Personal information
- Full name: Hugh Milling
- Born: 4 September 1962 Carrickfergus, Northern Ireland
- Died: 18 February 2003 (aged 40) Austria
- Batting: Right-handed
- Bowling: Right-arm fast-medium

Domestic team information
- 1986–1988: Ireland

Career statistics
| Competition | First-class | List A |
| Matches | 1 | 3 |
| Runs scored | 6 | 9 |
| Batting average | 6.00 | 4.50 |
| 100s/50s | –/– | –/– |
| Top score | 4* | 9 |
| Balls bowled | 174 | 174 |
| Wickets | 6 | 7 |
| Bowling average | 16.33 | 19.57 |
| 5 wickets in innings | – | – |
| 10 wickets in match | – | – |
| Best bowling | 4/81 | 4/63 |
| Catches/stumpings | 1/– | 1/– |
- Source: Cricinfo, 23 October 2018

= Hugh Milling =

Irish cricketer

Hugh Milling (4 September 1962 - 18 February 2003) was an Irish first-class cricketer.

Milling was born at Carrickfergus and was educated at Marist College, Athlone, from there, he went up to Trinity College, Dublin. While studying in Dublin, he played club cricket for Dublin University and Phoenix. He made his debut for Ireland in a List A one-day game against Leicestershire at Leicester in the 1986 NatWest Trophy, taking 4/63 on debut with his fast-medium bowling. The following year he played in what would be his only match in first-class cricket, against Scotland at Coleraine. Batting twice during the match, Milling was dismissed in Ireland's first-innings for 2 runs by James Govan, while in their second-innings he ended unbeaten on 4 runs. With his hostile fast-medium bowling, he took six wickets in the match, claiming figures of 4/81 in Scotland's first-innings. He made two further appearances in List A cricket, against Northamptonshire in the 1987 NatWest Trophy, and Gloucestershire in the 1988 NatWest Trophy. He took a total of 9 wickets in his three List A matches, averaging 19.57 runs per wicket.

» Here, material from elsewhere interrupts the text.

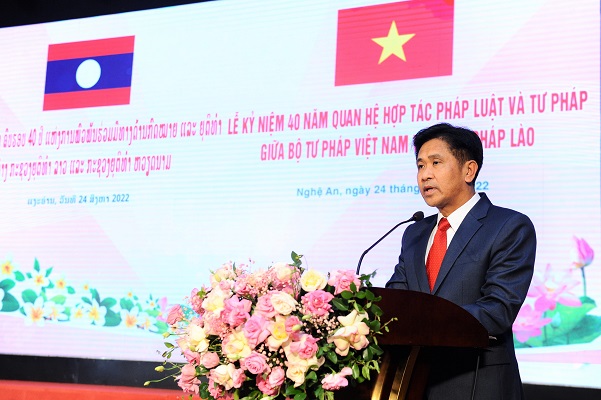 Phát biểu tại lễ kỷ niệm, Bộ trưởng Bộ Tư pháp Lào, Phây-vi Xi-bua Li-pha bày tỏ, trải qua thời gian, hai nước Việt Nam - Lào đã hợp tác toàn diện, ngày càng đi lên tầm cao mới, gắn bó bền vững hơn. Hai bên thực hiện kỷ niệm để ghi nhớ công lao của lãnh đạo hai Bộ Tư pháp đã tiên phong, thực hiện hợp tác để góp phần nâng cao tầm quan hệ hữu nghị đặc biệt giữa hai dân tộc. Với tình cảm trong sáng đầy ý nghĩa như Chủ tịch Hồ Chí Minh đã nói “Việt - Lào hai nước chúng ta tình sâu hơn nước Hồng Hà, Cửu Long”. Chủ tịch Cay-xỏn Phôm-vi-hản cũng đã khẳng định “Núi có thể mòn sông có thể cạn, song song tình nghĩa Lào - Việt sẽ mãi mãi vững bền hơn núi, hơn song…”.

Having studied for a diploma in education at Ulster University, Milling moved into the teaching profession. He taught for a while in Northern Ireland, before accepting a position with Hulme Grammar School in Oldham, England. His move to England saw him play his club cricket in the Lancashire League with Werneth. He accompanied the school on a visit to Austria in 2003; while skiing he fell and hit his head. Seemingly uninjured, he retired to his hotel room, but died that night in his sleep from a head injury that resulted from the fall.